The mind is powerful, and distorts reality, usually putting yourself in the starring role.  So, yes, I was geeky back then, as can be seen in that caricature, but despite what anyone might have thought at the time, I considered myself quite cool, even if I was still trying to figure out how to ask a girl out on a date, something that has never quite been resolved.

The question remains:  what is the real reality — how I view myself now, how you might view me, or how I actually viewed myself at the time?

Another Myth Busted

Revenge of the Nerds

Revenge of the Nerds

In print and in movies, I frequently encounter the cliche about the nerdy kid, beaten up in elementary school, who grows up to become a phenomenally-successful entrepreneur.  Of course, he’s not really happy because he’s a jerk now, still having the insatiable need to humiliate his former bullies.

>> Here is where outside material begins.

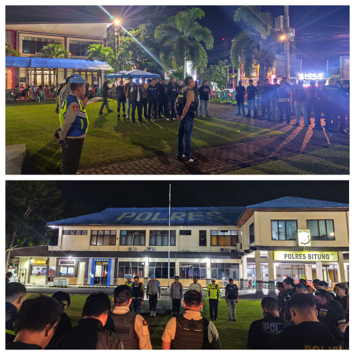 Apel yang dipimpin Wakapolres Bitung, KOMPOL J.H. Daniel Korompis, S.E., digelar di Lapangan Apel Polres Bitung pada pukul 21.00 Wita, dengan melibatkan gabungan Tim Opsnal Polres Bitung.

To put this myth to rest, I have my friend H here, who is visiting from New York. We went to school together. H was beaten up all the time by bullies.

Me: H, are you very successful now?

H:   No.

Me:   If you could, would you seek revenge on these bullies?

H:  Maybe.  (SIGHING)  But what can you do?

Me:  Have you ever encountered any of these bullies since elementary school?

H:  No…well, actually, indirectly I do know something about one of them.  He went to Queens College, became a teacher, and now he teaches my cousin’s son’s second grade class in Tucson.   How ironic is that?

M:  How does that make you feel?

H:  Good.  At least I know that asshole makes less money than I do.

M:  Here’s what teachers make in Tucson.

H:  (strong curse)

Another myth busted.   Not all nerdy kids beaten up in elementary school grow up to become successful entrepreneurs.